We once called him a visionary. He was "the man who saved the Riviera from oblivion." He planned to turn Buick from a company that made cushy "doctors' cars" into a more youthful and exciting brand in the early 1980s. He used money from the then-nascent C5 Corvette development program on a full-size sedan platform that birthed the Pontiac Bonneville, Buick LeSabre, and Oldsmobile 88 in the 1990s. Lloyd Reuss died this weekend at 86. He was the president of General Motors from 1990–1992.

Reuss saw something happening in the company back then that made him an early champion of electric vehicles. He supported the GM Impact, the famously poorly named all-electric concept car that debuted at the 1990 Los Angeles Auto Show and later became the GM EV1.

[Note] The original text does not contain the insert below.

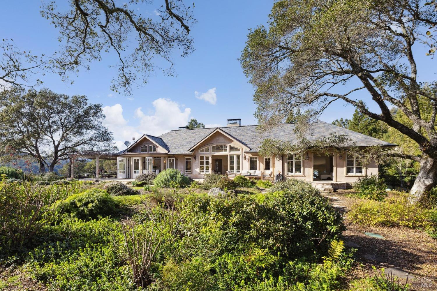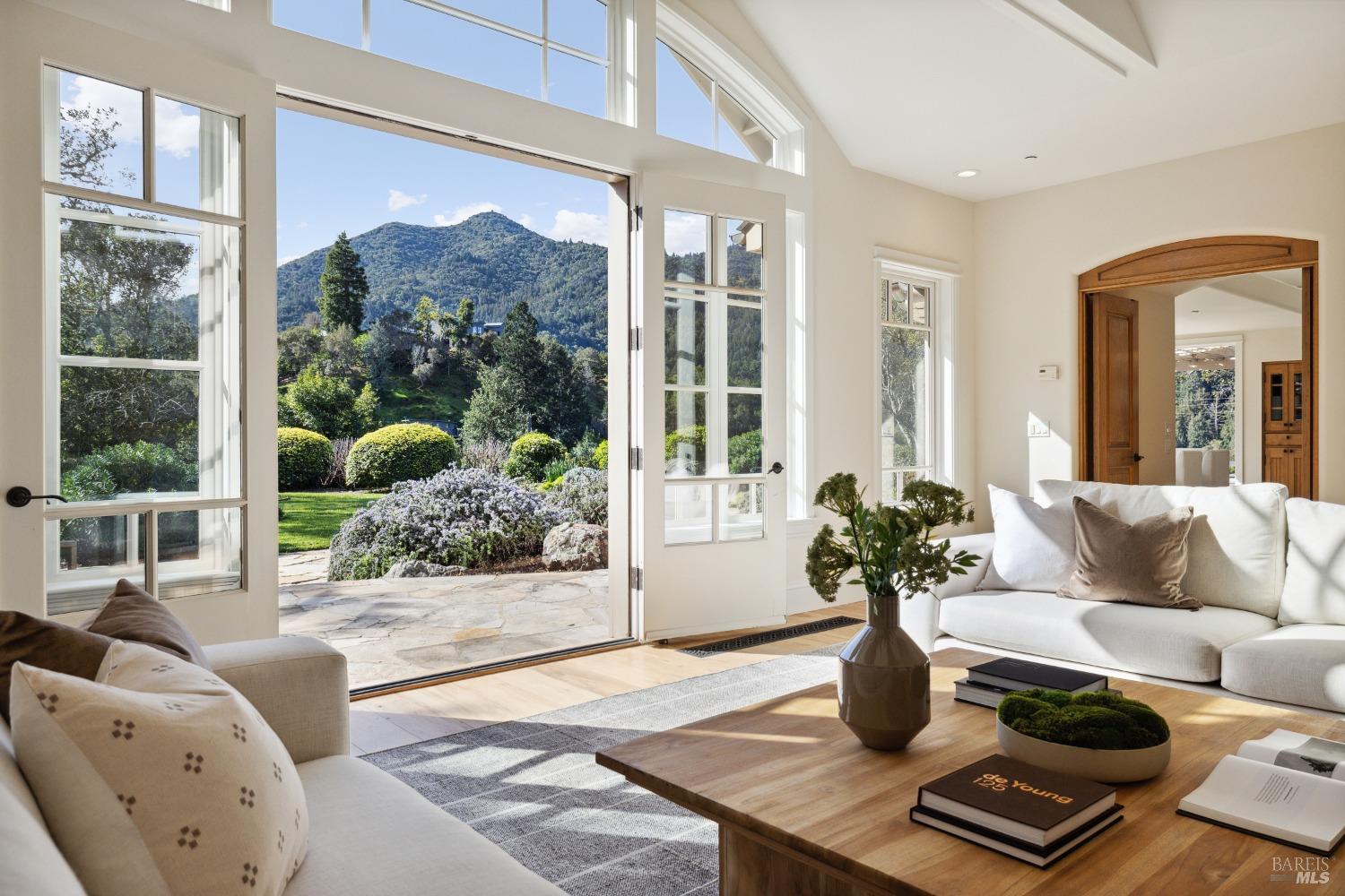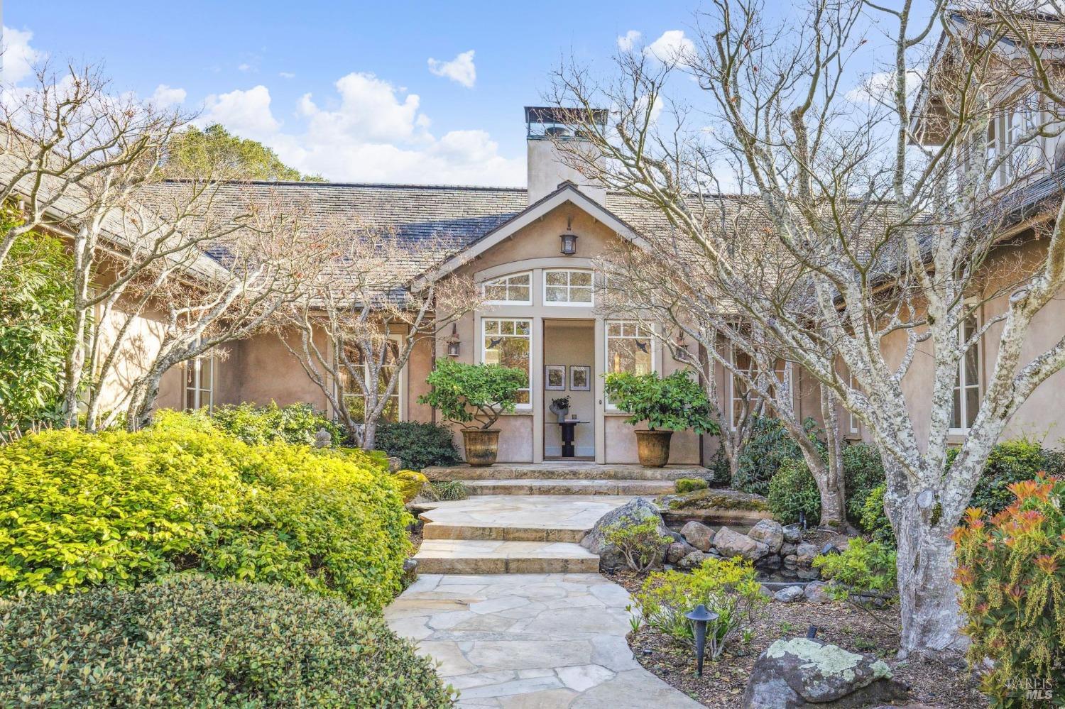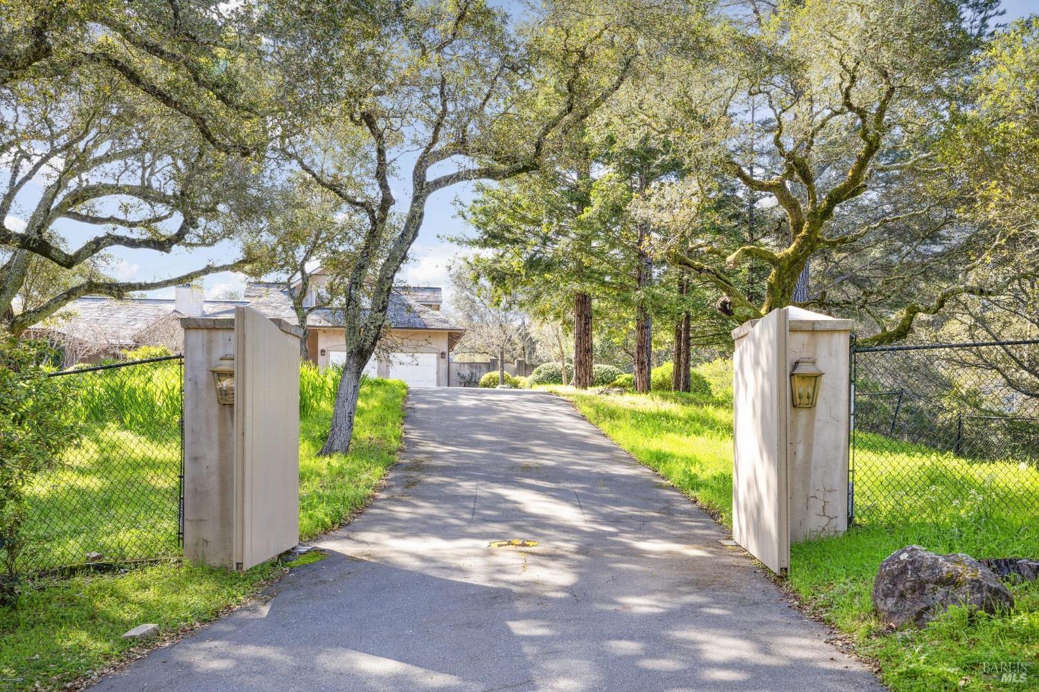 A spectacular view of Mt. Tamalpais sets the stage for this extraordinary, custom-built home in highly desirable Kent Woodlands. Private and ideally situated on 3 acres, this sun-filled home offers a predominantly single-story floor plan, superb scale, and seamless integration between indoor and outdoor living spaces. Step inside and you're greeted with gorgeous light that flows throughout the house thanks to the abundant windows and skylights. Throughout the day, Mt. Tam provides for a captivating, ever-changing backdrop as the sun and fog interplay, providing panoramic, awe-inspiring scenes. The landscaped and natural grounds are adorned with mature oak trees, vibrant lavender, and fragrant roses. There is even ample room for a generously sized pool. This stunning, gated home offers a rare combination of tranquility combined with the convenience of easy access to shops, and cafes, numerous top-rated schools, and nearby hiking and biking trails leading to Phoenix Lake, Larkspur, Mill Valley, to the top of Mt. Tam, and beyond!

Reuss started work at GM in 1957 and became chief engineer at both Buick and Chevrolet before moving up to the role of Buick general manager in 1980. He kept moving up the ranks: becoming head of GM's passenger-car groups in North America, then the leader of GM's North American operations and worldwide automotive components. After his short stint as GM president, Reuss retired from GM in 1993.

After leaving the auto industry, Reuss focused on charity work, including Focus: Hope in Detroit, which works to overcome racism, poverty, and injustice. He was inducted into the Automotive Hall of Fame, which notes that Reuss helped establish the Center for Advanced Technologies (CAT) at Focus: Hope in 1993 and volunteered there for over 20 years. Then and now, CAT's mission is to teach local students so they can get a college degree in manufacturing engineering tuition-free. In part because of Reuss's work there, Focus: Hope said GM had given the group over $14 million since 1986. The GM Foundation and the SAE gave the CAT a $500,000 grant. The CAT has awarded more than 300 associate and bachelor of engineering degrees.



Reuss was married to his wife, Maurcine, for 63 years before her death in 2020. They had two children, Charlene and Mark, who is the current GM president. Funeral service information has not been announced. The funeral home suggests donating to groups Reuss supported in lieu of flowers.